EXERCISE ▸
Find the line in the entries below that contains "Library & cafe ブックカフェ". Repeat it exactly, and every line after it through the line that contains "Der nächste Aktionstag".

ENTRIES PROVIDED ▸
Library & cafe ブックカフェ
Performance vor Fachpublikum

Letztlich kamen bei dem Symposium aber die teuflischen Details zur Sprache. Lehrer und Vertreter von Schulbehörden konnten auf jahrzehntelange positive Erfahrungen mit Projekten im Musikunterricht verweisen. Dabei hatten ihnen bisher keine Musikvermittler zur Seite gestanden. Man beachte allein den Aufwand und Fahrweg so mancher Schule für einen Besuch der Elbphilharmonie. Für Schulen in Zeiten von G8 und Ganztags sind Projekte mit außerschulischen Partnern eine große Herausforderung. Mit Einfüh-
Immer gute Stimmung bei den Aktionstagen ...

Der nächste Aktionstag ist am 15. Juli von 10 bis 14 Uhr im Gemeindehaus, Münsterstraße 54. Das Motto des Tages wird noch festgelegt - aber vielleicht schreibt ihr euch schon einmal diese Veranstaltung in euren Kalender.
--
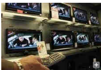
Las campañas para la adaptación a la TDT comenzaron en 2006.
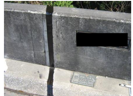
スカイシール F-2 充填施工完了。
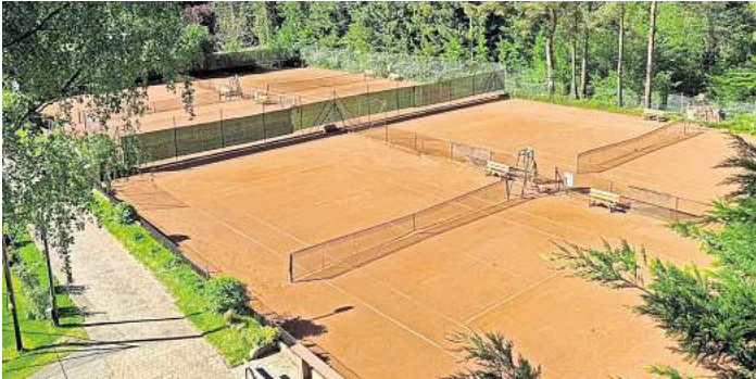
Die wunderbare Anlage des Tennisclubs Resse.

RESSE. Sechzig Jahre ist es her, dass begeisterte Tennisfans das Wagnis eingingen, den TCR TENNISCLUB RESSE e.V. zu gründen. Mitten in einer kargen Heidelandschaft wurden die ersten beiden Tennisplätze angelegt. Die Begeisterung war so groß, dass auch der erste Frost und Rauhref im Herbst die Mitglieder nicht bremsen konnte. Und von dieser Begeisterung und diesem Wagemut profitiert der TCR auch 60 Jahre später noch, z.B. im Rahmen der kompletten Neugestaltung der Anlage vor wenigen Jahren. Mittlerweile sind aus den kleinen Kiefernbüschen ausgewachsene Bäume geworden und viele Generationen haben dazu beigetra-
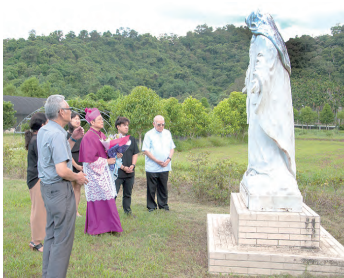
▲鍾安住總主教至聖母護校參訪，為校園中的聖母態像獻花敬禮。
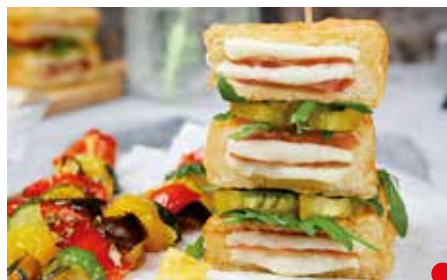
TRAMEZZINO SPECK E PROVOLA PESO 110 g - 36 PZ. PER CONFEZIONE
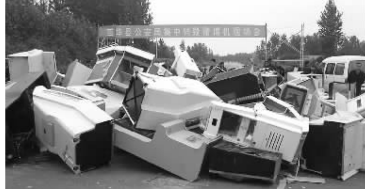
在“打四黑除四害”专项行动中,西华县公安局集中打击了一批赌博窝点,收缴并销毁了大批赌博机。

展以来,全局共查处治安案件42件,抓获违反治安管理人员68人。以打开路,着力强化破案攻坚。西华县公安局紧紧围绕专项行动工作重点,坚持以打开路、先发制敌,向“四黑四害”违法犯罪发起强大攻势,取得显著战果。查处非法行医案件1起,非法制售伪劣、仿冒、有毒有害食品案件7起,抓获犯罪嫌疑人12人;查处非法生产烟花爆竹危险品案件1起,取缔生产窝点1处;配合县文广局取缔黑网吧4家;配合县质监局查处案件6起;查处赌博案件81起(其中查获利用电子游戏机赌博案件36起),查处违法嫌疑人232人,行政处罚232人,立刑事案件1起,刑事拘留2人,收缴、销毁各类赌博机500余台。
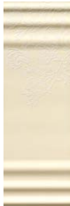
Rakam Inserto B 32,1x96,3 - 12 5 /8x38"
==
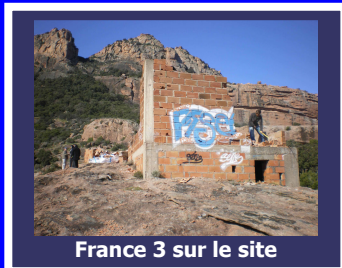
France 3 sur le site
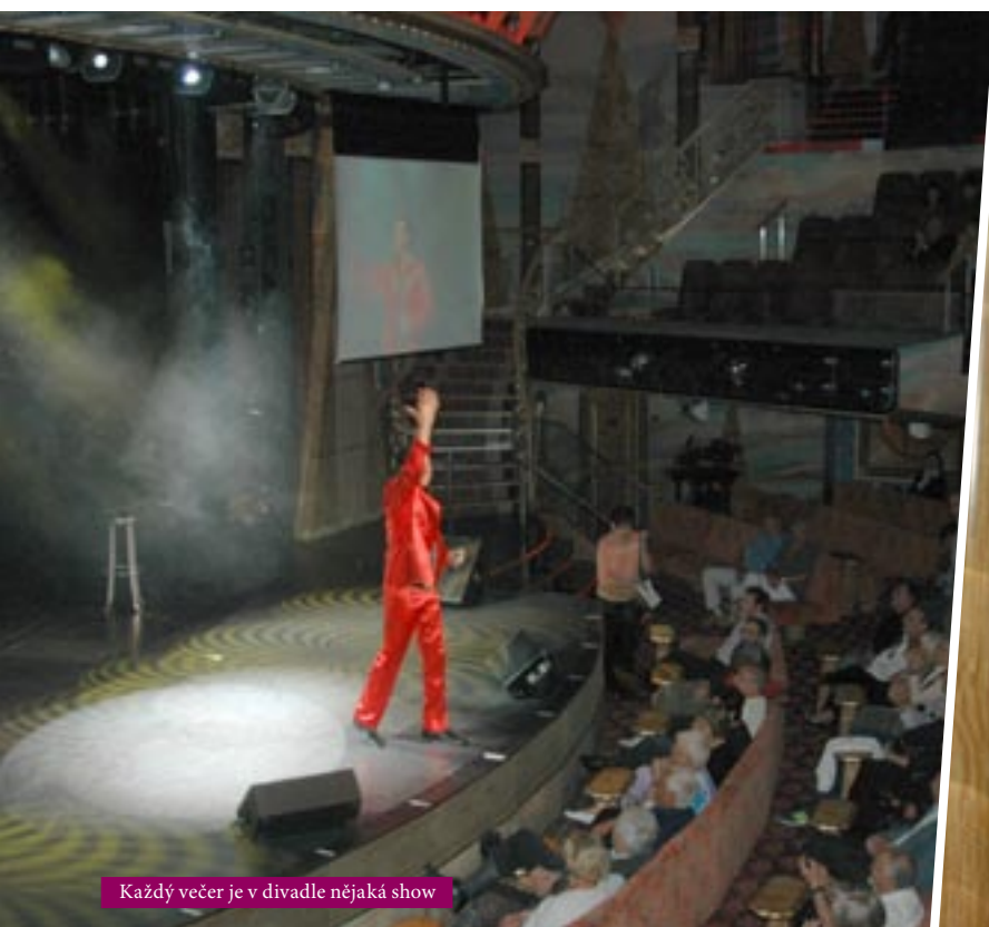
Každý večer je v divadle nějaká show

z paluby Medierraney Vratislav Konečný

RESULT BELOW ▸
Library & cafe ブックカフェ
Performance vor Fachpublikum

Letztlich kamen bei dem Symposium aber die teuflischen Details zur Sprache. Lehrer und Vertreter von Schulbehörden konnten auf jahrzehntelange positive Erfahrungen mit Projekten im Musikunterricht verweisen. Dabei hatten ihnen bisher keine Musikvermittler zur Seite gestanden. Man beachte allein den Aufwand und Fahrweg so mancher Schule für einen Besuch der Elbphilharmonie. Für Schulen in Zeiten von G8 und Ganztags sind Projekte mit außerschulischen Partnern eine große Herausforderung. Mit Einfüh-
Immer gute Stimmung bei den Aktionstagen ...

Der nächste Aktionstag ist am 15. Juli von 10 bis 14 Uhr im Gemeindehaus, Münsterstraße 54. Das Motto des Tages wird noch festgelegt - aber vielleicht schreibt ihr euch schon einmal diese Veranstaltung in euren Kalender.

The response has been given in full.